- Argo blockchain operates in a high-growth market, and it’s investing more in it.
- Informa is positioning itself for growth in China and the U.S, two of the largest markets in the world.
- Watches of Switzerland is set to benefit from the continued growth of ultra-wealthy individuals.
To build wealth, you need to have a clear goal of where you are and where you want to go. Clarity of vision allows you to determine which stocks to buy and how much money to invest. The only problem is that markets are not linear. As such, finding a stock that can give you the results you want can be a challenging task.
Luckily, by focusing on the macro environment and a stock’s core fundamentals, you can find stocks that can give you the results you want. For instance, these three unstoppable UK shares could turn £200k into £1 million by 2030.
By virtue of its target market, Argo Blockchain (ARB) has what it takes to turn £200,000 into £1 million in the next 9-years.
Argo’s primary business is Bitcoin mining, and the more the value of Bitcoin, the higher the underlying value of this stock.
Between now and 2030, there is a good chance that Bitcoin could trade at hundreds of thousands of dollars per coin. Already, it is showing every indication of possibly closing 2021 above $100k. If this happens, then by 2030, prices above $500k could be a possibility.
The key factor behind such a move is the Bitcoin block halving. The block halving has been the primary driver of Bitcoin’s rally over the last ten years and is likely to be the same scenario in the next 10. For context, the next halving is in 2024 and will shrink the Bitcoin block rewards to just 3.125 BTC.
If this has the effect of pushing Bitcoin to hundreds of thousands of dollars per coin, then the impact on the valuations of companies like Argo could be pretty huge. That’s because the underlying value of its balance sheet would shoot up as well.
Argo is also making moves that will help it take advantage of the ever-growing importance of cryptocurrencies in the world economy. The company recently announced that it was expanding its mining capacity.
As part of its capacity expansion plans, the company has bought 20,000 Bitmain AntMiner S19J Pro Machines. It also announced that the new machines will push up its hash rate by more than two exahashes by 2022.
This means going forward, the revenues that the company generates from Bitcoin mining will go higher in the short term, even if there is little to no increase in Bitcoin’s price in the same period.

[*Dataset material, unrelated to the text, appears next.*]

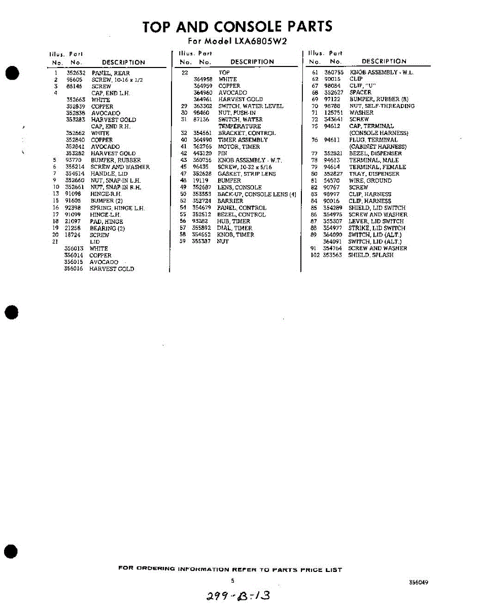 Parts for Whirlpool LXA6805W2: 05 - Section Parts

It’s a stock that has the potential to turn £200,000 into £1 million much earlier than 2030. A crypto rally after 2024 Bitcoin block halving could easily see this happen in just 4-years.
The outlook for tech exhibition firm Informa (INF) looks pretty promising. This is mainly driven by the continued reopening of the world economy. The optimism around the economic renewal post-pandemic has seen this stock rally by 58% since early 2021.
Beyond the short-term kick that this stock has received from the ongoing economic reopening, this company is making strategic moves that will drive up its revenues, and by extension, its value, long-term.
Back in July, the company announced that in 2022, it would target its exhibitions in China, the United States, and the Middle East. This is a big deal because the U.S and China are the two largest tech exhibition markets in the world.
By increasing its market share in these two countries, Informa will be in a good position to grow its intrinsic value going into the future. The Middle East, especially the UAE, and Saudi Arabia are emerging as strong tech hubs too. This means this region could also help drive up this company’s revenues going into the future.
Informa is so optimistic about its prospects in these markets that it has raised its revenue forecasts for 2022. In its most recent update, the company announced that it expects revenues of £1.8 billion in 2022, up from an earlier forecast of £1.7 billion.
This is driven by the over 100 events that the company has planned between now and 2022 in these regions. It’s definitely a top stock to buy now if you have prospects of growing a £200k investment into £1 million by 2030.
Watches of Switzerland
Watches of Switzerland (WOSG), the maker of luxury watches and other luxury items, has performed pretty well over the past year. It’s up by 226% in the last 52-weeks of trading. It has recorded this strong growth despite the economic disruptions that came with the COVID-19 pandemic.
That’s largely because, like in all other periods of financial downturns, the ultra-wealthy are always the least affected. They tend to scale up their purchases of high-end fashion items in such periods.
Besides this upsurge in pandemic period spending, demographics are in this company’s favour. The number of newly wealthy individuals is on the rise. This is largely driven by a boom in tech stocks and other tech-related investments such as cryptocurrencies.
This is evident in the Forbes 400 list for 2021, where tech people now dominate the list. With technology taking over all spheres of life, new money is likely to grow over the next 9-years. This spells good tidings for companies like Watches of Switzerland that deal in luxury items. Based on this, WOSG’s chances of turning £200k into £1 million over the next decade are pretty high.
Besides, its internal fundamentals are pretty good too. The company has a current ratio of 1.66, which means it has more than enough resources to cater to its short-term debt obligations. It is also net cash flow positive, which means it has what it takes to run its operations without interruptions. This is an important consideration because the business environment is unpredictable, and when making a long-term investment, a company’s ability to navigate challenges is essential.